Task prompt — Retype the entries, please, from their first line to the line containing "Le long d’un", exactly and only those lines, minus the pictures.

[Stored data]
Segment Open
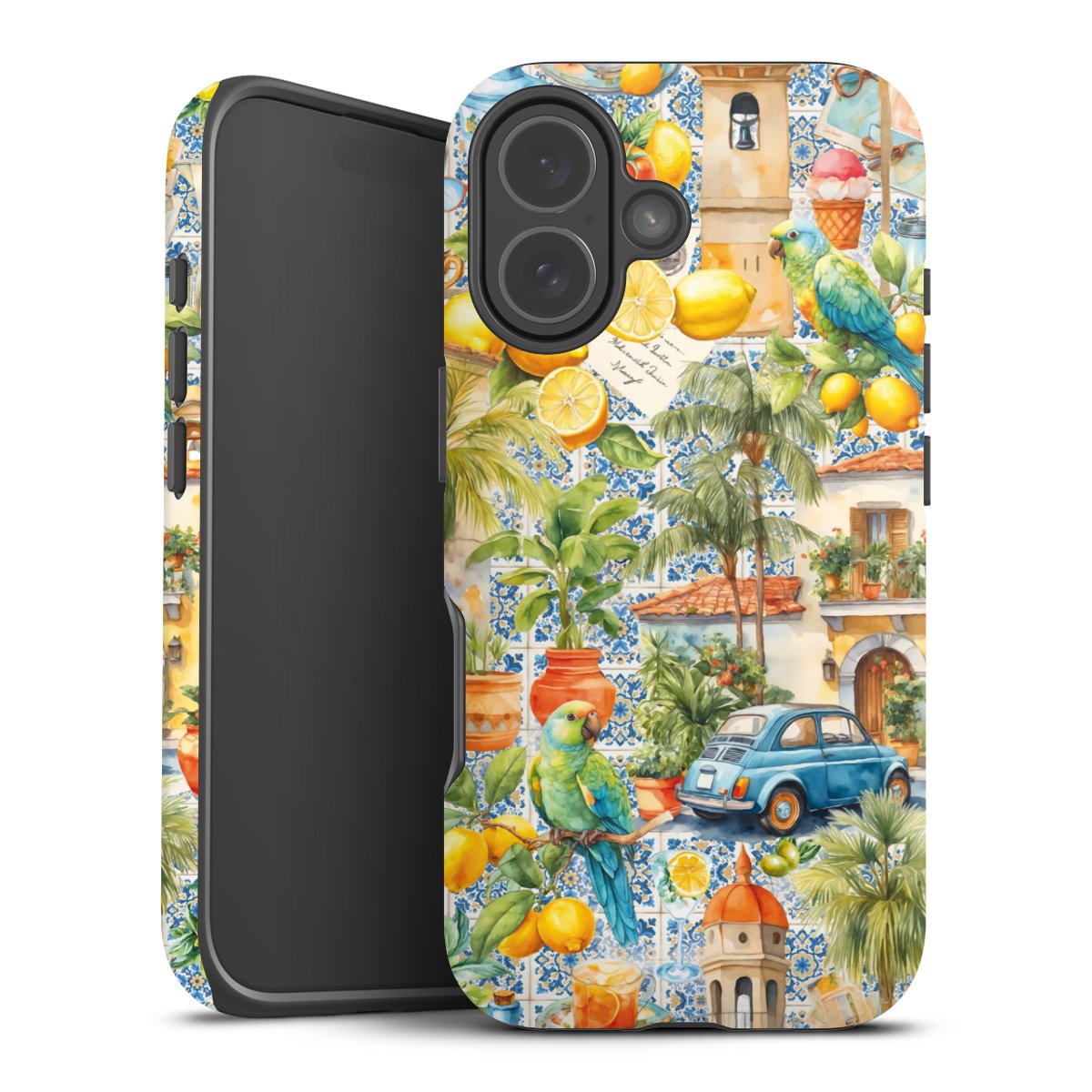 Product details Our most protective phone case combines the advantages of the Silicone and Premium Case: the flexible silicone core on the inside offers an extra shockabsorbing layer, protecting reliably against damages from dropping your phone. The longlasting, polycarbonate hard shell ensures additional stability and a brilliant print result. The surface of the 2,6 mm strong case feels smooth offering a comfortable grip. The case is available with a matt and glossy finish.
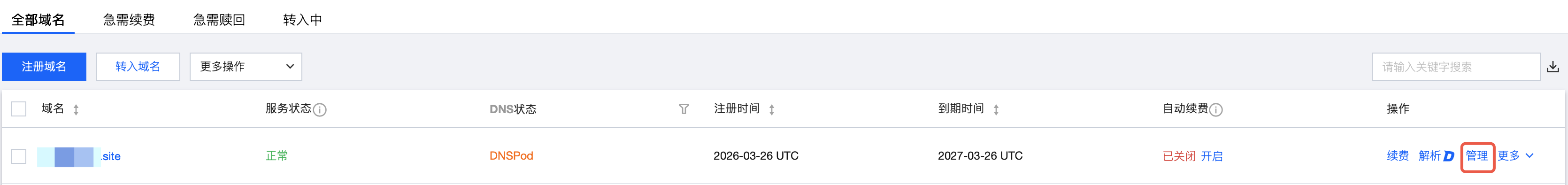 2. 在待域名转出的域名行中,单击管理。如下图所示:
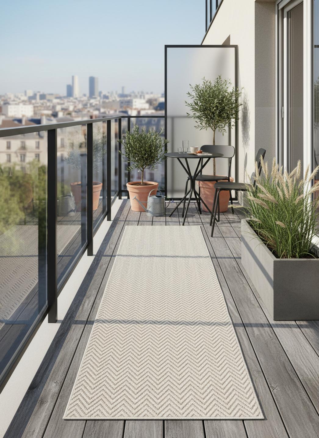 Le long d’un couloir ou sur un balcon lumineux, le tapis scandinave à tressage en pointe blanc apporte une touche de clarté et de raffinement discret. Son motif tissé en chevrons crée un mouvement subtil qui accompagne la circulation tout en adoucissant la perspective. La teinte blanche, pure et lumineuse, reflète la lumière naturelle et agrandit visuellement l’espace, insufflant une atmosphère sereine et équilibrée. En format 70x200 cm, il s’étire avec élégance dans les espaces étroits, reliant les zones de vie avec fluidité et harmonie. Ce modèle s’inspire de l’esthétique épurée de la gamme de tapis d’extérieur, où les matières tressées et les lignes nordiques se conjuguent pour créer des décors intemporels. Sa texture à plat révèle un jeu délicat de lumière et d’ombre, soulignant la finesse de son tissage. On retrouve cette même sensation de continuité et de légèreté dans la sélection de tapis de balcon, idéale pour habiller les passages d’une élégance sobre et naturelle. Un tapis qui guide le pas avec douceur et illumine le lieu d’une clarté apaisante.
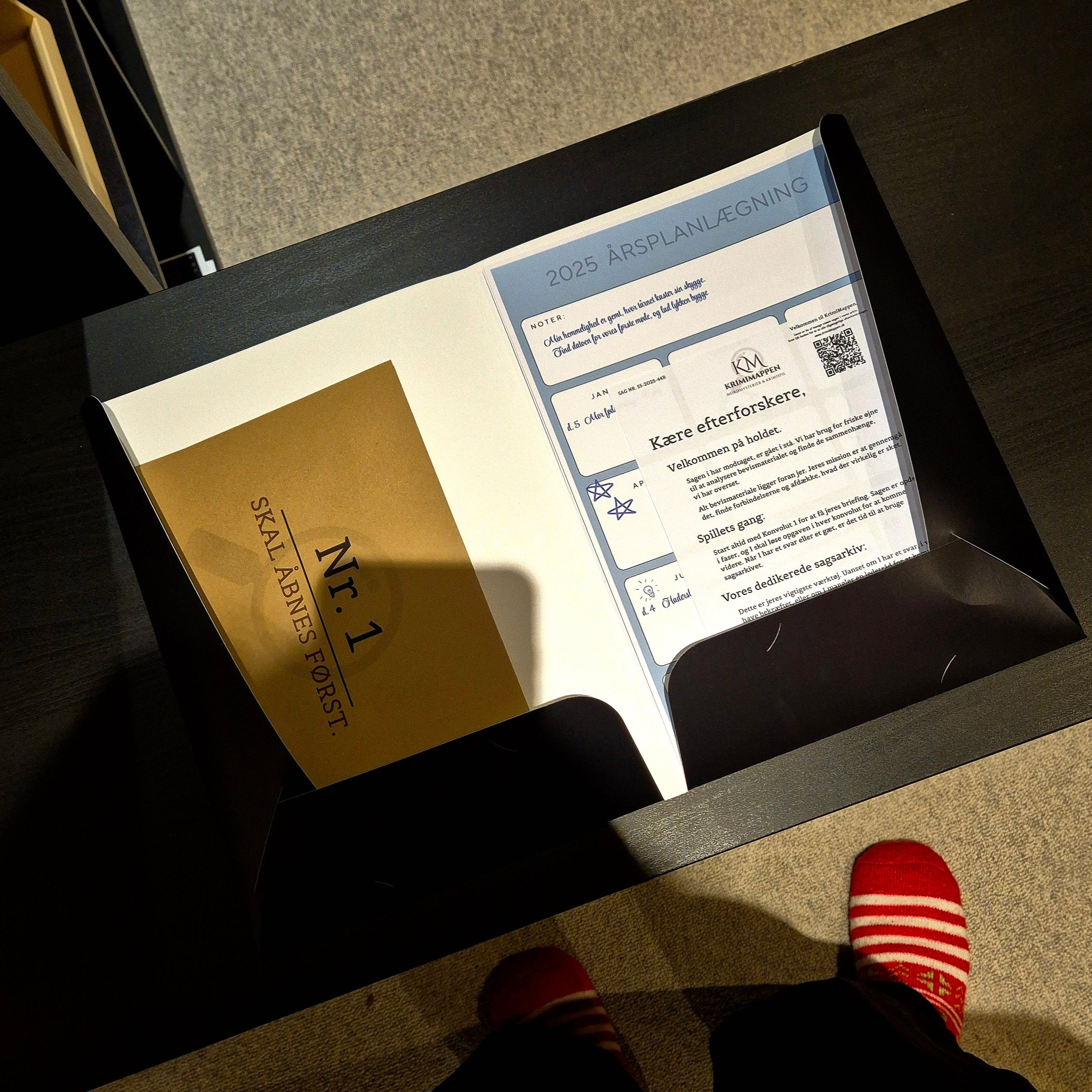 Krimimappen er vores hjertebarn. Vi har skabt præcis den oplevelse, vi selv manglede, så I kan lægge telefonerne væk og samles om nærvær, spænding og hjernegymnastik i trygge rammer.
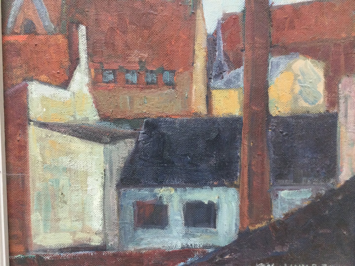 Maleri af Karin Lanng - Huse og skorsten 1980.
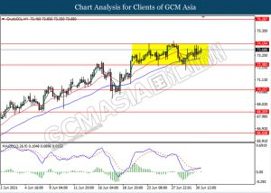 CrudeOIL, H4: Harga minyak mentah kekal didagang dalam saluran sisi sementara ia sedang menguji berhampiran dengan tahap rintangan 74.20. Namun, MACD yang memaparkan isyarat bias bullish dengan formasi silang emas mencadangkan komoditi ini untuk melanjutkan keuntungannya selepas ia memecah tahap rintangan tersebut.
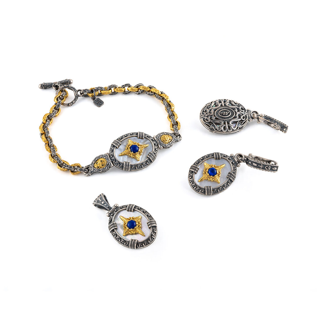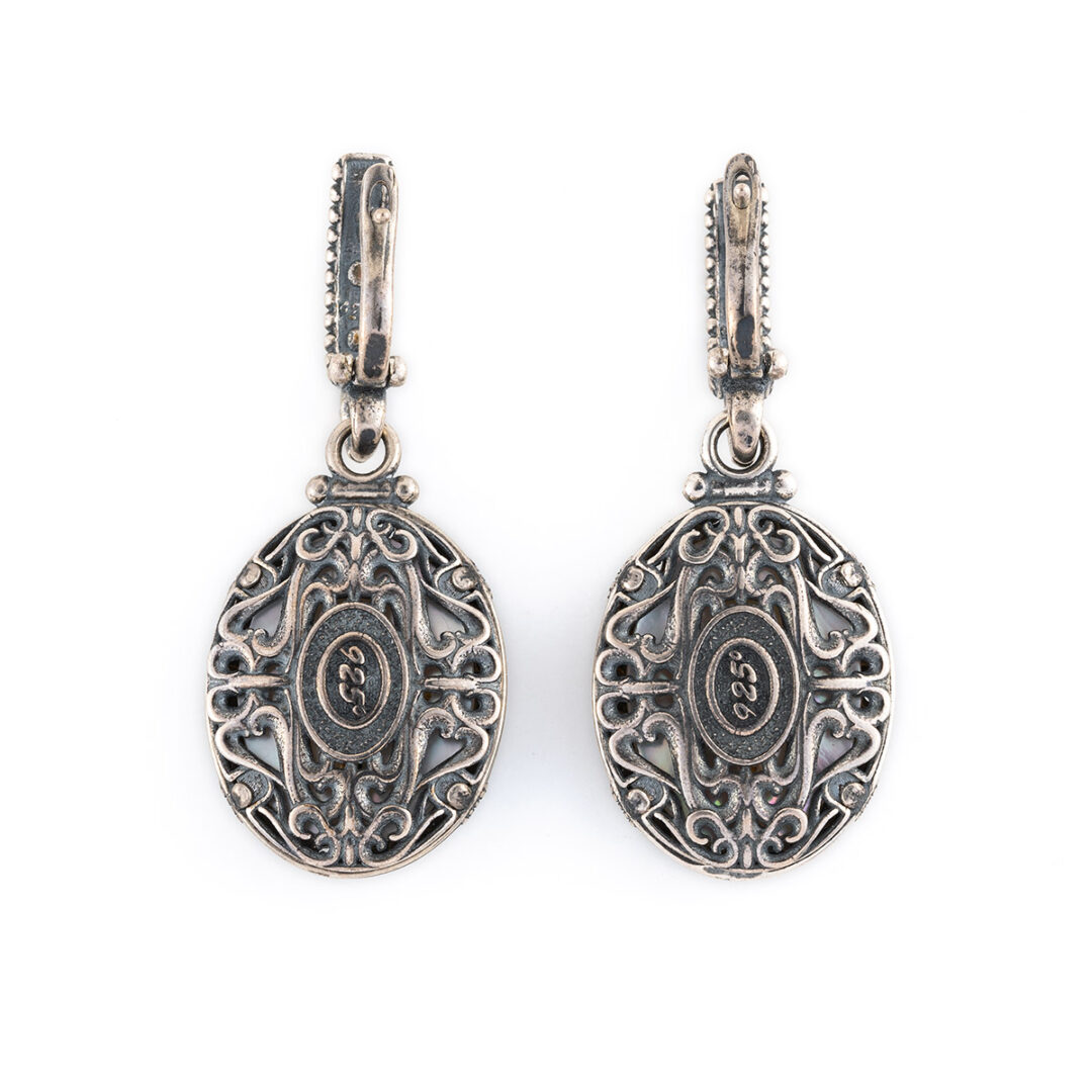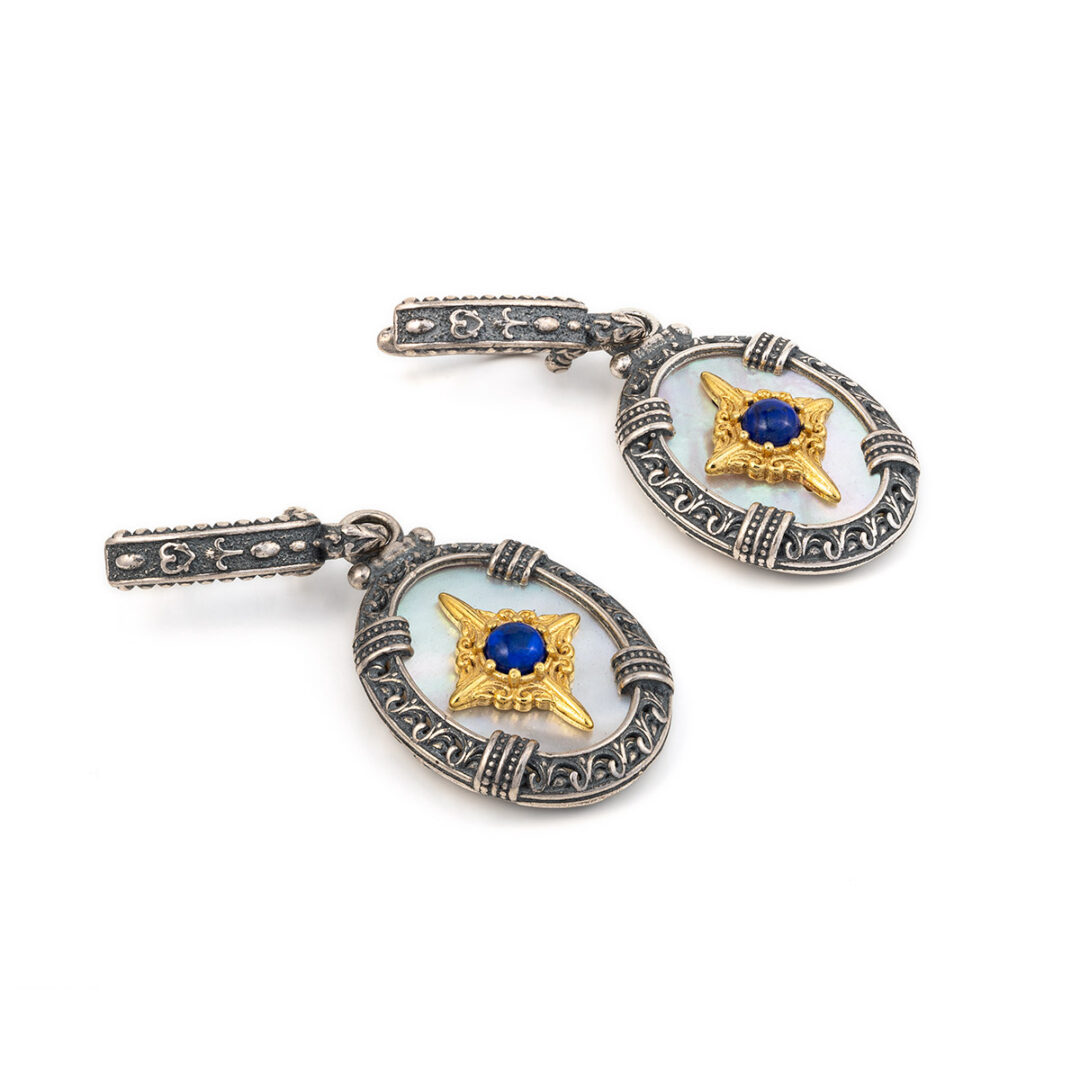 These earrings are inspired by Byzantine Historical period respecting Greek traditional art. A very elegant pair of earrings decorated with lapis lazuli gemstone.
Segment Closed
Result of the task —
 Product details Our most protective phone case combines the advantages of the Silicone and Premium Case: the flexible silicone core on the inside offers an extra shockabsorbing layer, protecting reliably against damages from dropping your phone. The longlasting, polycarbonate hard shell ensures additional stability and a brilliant print result. The surface of the 2,6 mm strong case feels smooth offering a comfortable grip. The case is available with a matt and glossy finish.
 2. 在待域名转出的域名行中,单击管理。如下图所示:
 Le long d’un couloir ou sur un balcon lumineux, le tapis scandinave à tressage en pointe blanc apporte une touche de clarté et de raffinement discret. Son motif tissé en chevrons crée un mouvement subtil qui accompagne la circulation tout en adoucissant la perspective. La teinte blanche, pure et lumineuse, reflète la lumière naturelle et agrandit visuellement l’espace, insufflant une atmosphère sereine et équilibrée. En format 70x200 cm, il s’étire avec élégance dans les espaces étroits, reliant les zones de vie avec fluidité et harmonie. Ce modèle s’inspire de l’esthétique épurée de la gamme de tapis d’extérieur, où les matières tressées et les lignes nordiques se conjuguent pour créer des décors intemporels. Sa texture à plat révèle un jeu délicat de lumière et d’ombre, soulignant la finesse de son tissage. On retrouve cette même sensation de continuité et de légèreté dans la sélection de tapis de balcon, idéale pour habiller les passages d’une élégance sobre et naturelle. Un tapis qui guide le pas avec douceur et illumine le lieu d’une clarté apaisante.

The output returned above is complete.